Search code examples
pythonpython-3.xperformancenumpymasking

How to accelerate numpy array masking?


I am profiling performance of a piece of Python code, using a line profiler.

In the code, I have a numpy array tt of shape (106906,) and dtype=int64. With the help of the profiler, I find that the the second line below mask[tt]=True is quite slow. Is there anyway to accelerate it? I am on Python 3 if that matters.

   mask = np.zeros(100000, dtype='bool')
   mask[tt] = True

Solution

  • You can use Numba as @orlevii has suggested:

    from numba import njit
    @njit
    def f(mask,tt):
        mask[tt] = True
    #Test:
    mask = np.zeros(1000000, dtype='bool')
    tt = np.random.randint(0,1000000,106906)
    f(mask,tt)
    

    A simple %%timeit check suggests that you should expect roughly 3 times faster execution.

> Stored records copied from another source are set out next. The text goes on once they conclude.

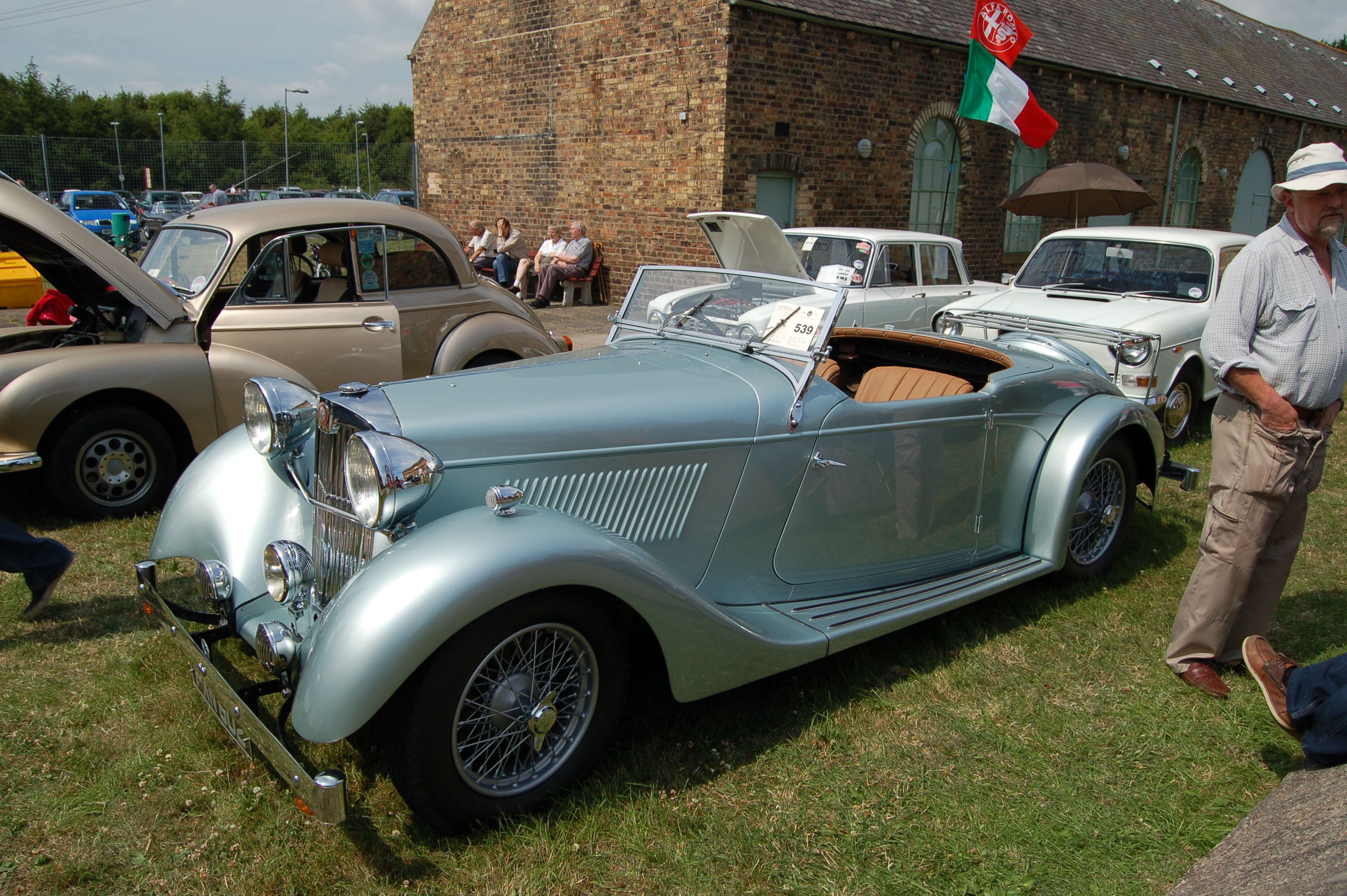 1939 Lea Francis open 2-seater DVLA first registered 9 June 1939, 1631cc Woodhorn Classic Car Show 14 July 2013
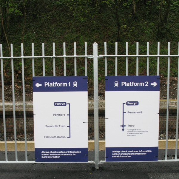 New direction signs erected at Penryn railway station, Cornwall, as part of enhancement work on the Maritime Line. For many years the station had only one platform used by trains in both directions but in 2009 the platform was lengthened and a passing loop installed. Trains travelling towards Truro run straight past the left hand end of the platform into the right hand one. While a train is stopped at the right hand end, another train can pass through the loop to the left hand end where it stops on its way towards Falmouth, the terminus of the line.
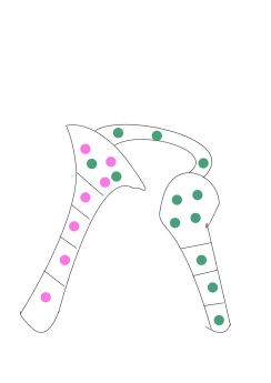 Mating of sac fungi (Ascomycetes). Archegonium and antheridium with trigogyne.
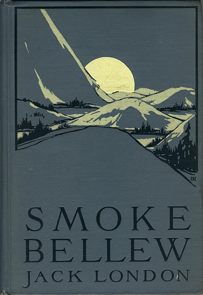 Cover of the book from 1912, The Century Co ..
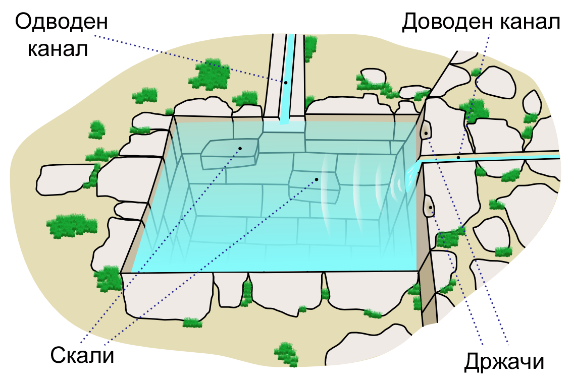 Plan of Inca bath on Macedonian.
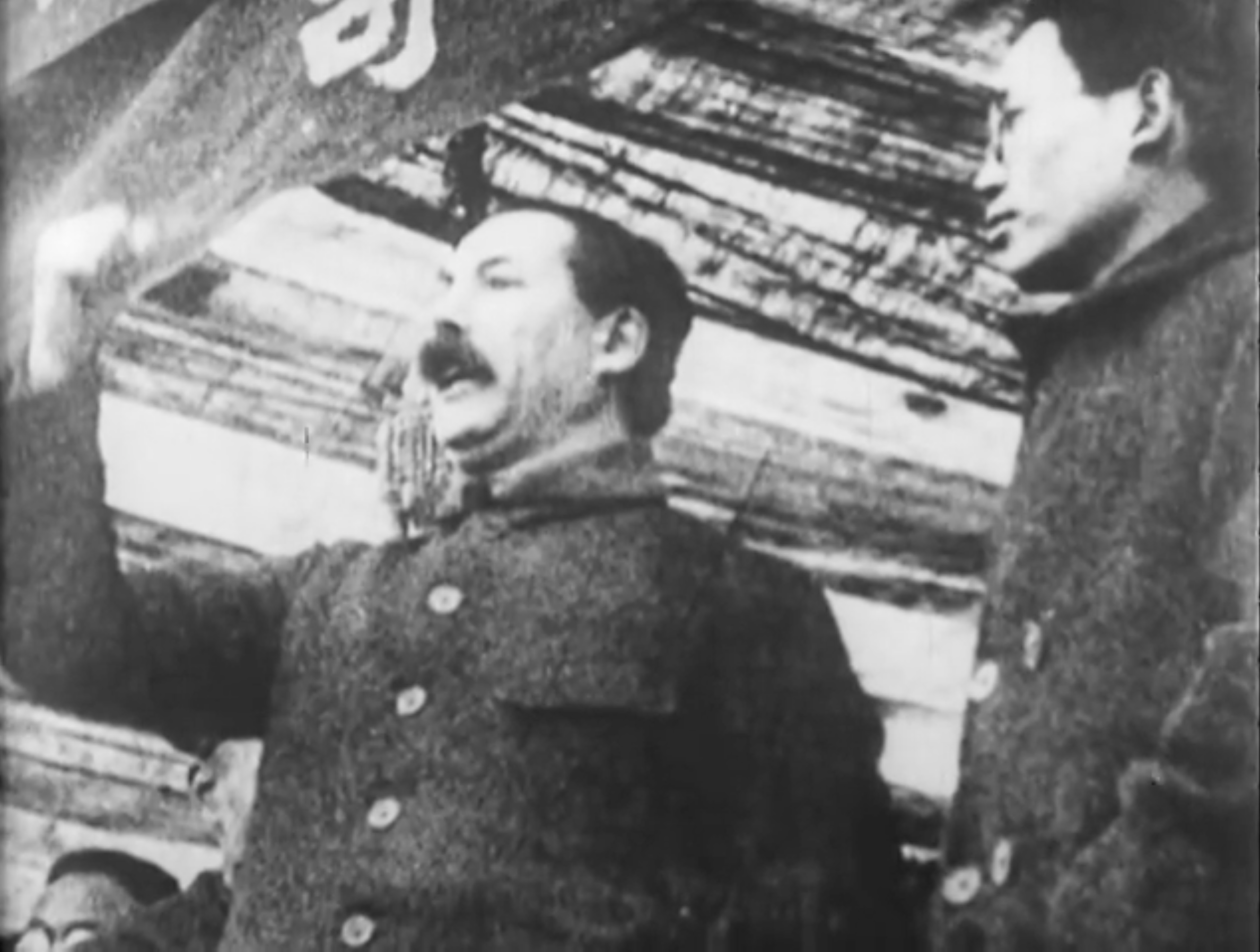 Mikhail Borodin in Wuhan during the period of the Wuhan government

    Further speed-up can be achieved by utilizing the GPU. An example of how to do it with PyTorch:

    import torch
    mask = torch.zeros(1000000).type(torch.cuda.FloatTensor)
    tt = torch.randint(0,1000000,torch.Size([106906])).type(torch.cuda.LongTensor)
    mask[tt] =  True
    

    Note that here we use a torch.Tensor object which is the equivalent of numpy.ndarray in PyTorch. Code will run only if you have a GPU (of NVIDIA) with CUDA. Expect x30 speed-up w.r.t your original code on Tesla V100-SXM2.